Вместе с тем ее эстетическое чутье было задето немалым числом безликих, как нитки реплик, которыми скреплялись отдельные яркие детали оперного одеяния. Иными словами, музыкальное действие в отличие от готовой одежды не прятало швы, о чем Алла Сергеевна с искренним простодушием поведала в антракте Сашке. Он удивился ее проницательности и похвалил:

«Ты правильно подметила: именно, именно нитки! И это еще что – ты бы слышала Моцарта! Там речитатив под клавесин в чистом виде! Вот где нитки, так нитки!»

Второй акт ей не понравился. Нет, конечно, ария «Паду ли я стрелой пронзенный…», сама похожая на затяжной полет стрелы, заставила ее даже прикрыть глаза, но все остальное по ее мнению – нитки, нитки и нитки. И пусть музыка с виолончельной, грузной мудростью отыскала и убедительным образом обосновала роковую логику этого на первый взгляд глупого и совершенно необязательного происшествия, лично для нее бессмысленность дуэли стала еще более очевидна. «Ну, зачем?..» – испытывая труднообъяснимое раздражение, морщилась она, отправляясь на антракт с неостывшим звуком выстрела в ушах. То, что жизнь трагична по своей сути, она поймет лишь через много лет.
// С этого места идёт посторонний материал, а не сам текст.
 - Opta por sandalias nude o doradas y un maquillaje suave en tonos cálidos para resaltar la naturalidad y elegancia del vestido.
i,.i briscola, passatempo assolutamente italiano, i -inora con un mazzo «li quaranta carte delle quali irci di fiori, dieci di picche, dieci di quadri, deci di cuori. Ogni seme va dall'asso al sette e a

Сашка снова предложил пойти в буфет, но она отказалась, и они пошли бродить по лестницам и переходам. Обнаженные руки, голые шеи и смелые вырезы с аппетитной начинкой попадались тут и там. Наверное, она выглядела среди них скромной заблудившейся библиотекаршей.
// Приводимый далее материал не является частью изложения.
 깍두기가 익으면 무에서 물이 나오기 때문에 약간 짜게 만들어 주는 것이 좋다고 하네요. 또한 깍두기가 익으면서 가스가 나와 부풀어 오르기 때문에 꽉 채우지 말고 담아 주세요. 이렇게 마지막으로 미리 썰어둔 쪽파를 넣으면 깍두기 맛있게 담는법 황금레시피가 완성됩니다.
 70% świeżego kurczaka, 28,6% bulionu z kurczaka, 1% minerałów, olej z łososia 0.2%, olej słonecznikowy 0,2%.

«Ничего, – думала она, – в следующий раз я оденусь не хуже. Надо только обязательно сшить платье для театра…»

Они возвратились в ложу и устроились в ее золотисто-парчовом разливе. Через минуту тяжелые бархатные объятия занавеса раздвинулись, со сцены в зал брызнул яркий свет, и грянули полонез.

Тут, наконец, в действии обнаружился конфликт, и ей стало вдвойне интересно. Онегин своим поздним прозрением сделался похожим на Сашку, и она, поколебавшись, приняла сторону Татьяны. Слушая арию ее мужа, она вдруг подумала, что вот именно такой муж ей и нужен – взрослый, опытный, состоятельный. Но вот дошли до сцены объяснения, и ей стало стыдно своей неразборчивости, а когда отвергнутый Онегин зашелся в последней тоске, ей стало его жалко, а с ним и Сашку. Она встала и аплодировала вместе со всеми, думая о том, чтобы проступившая влага не переполнила чашу век и не пролилась на затушеванные ресницы. Сашка наклонился к ней и ткнулся губами повыше уха…

«Да, так все и было…» – подумала Алла Сергеевна и поймала себя на том, что сидит сегодня так же, как в тот раз – немного сутулясь и сложив руки на коленях. Только вот была она тогда почти на двадцать лет моложе и без платочка.

«Когда б вы знали, как ужасно томиться жаждою любви, пылать – и разумом всечасно смирять волнение в крови…» – запел на сцене Онегин.

«Боже мой, боже мой! Ведь это я, одна я во всем виновата! Не он, а я!» – неожиданно вспыхнула Алла Сергеевна и торопливо приложила к глазам платочек…

Заговорили, только когда вышли на улицу.

«Ты прочитала мое письмо?» – спросил он.

«Какое письмо?» – не поняла она.

«Ну, тогда, давно… Я тебе его через Нинку передал…»

«А-а, это… Да, прочитала»

«И что?»

«Что – что?»

«Ну, что ты тогда подумала?»

«Не помню. Ничего не подумала. Мне тогда было не до него»

Он проводил ее домой и там сказал, что хотел бы остаться на часок. Она глазами, как осадными орудиями, метнула в него тяжелый возмущенный взгляд:

«Всего на часок? Вот спасибо! Между прочим, проституткам мужики и то больше времени уделяют!»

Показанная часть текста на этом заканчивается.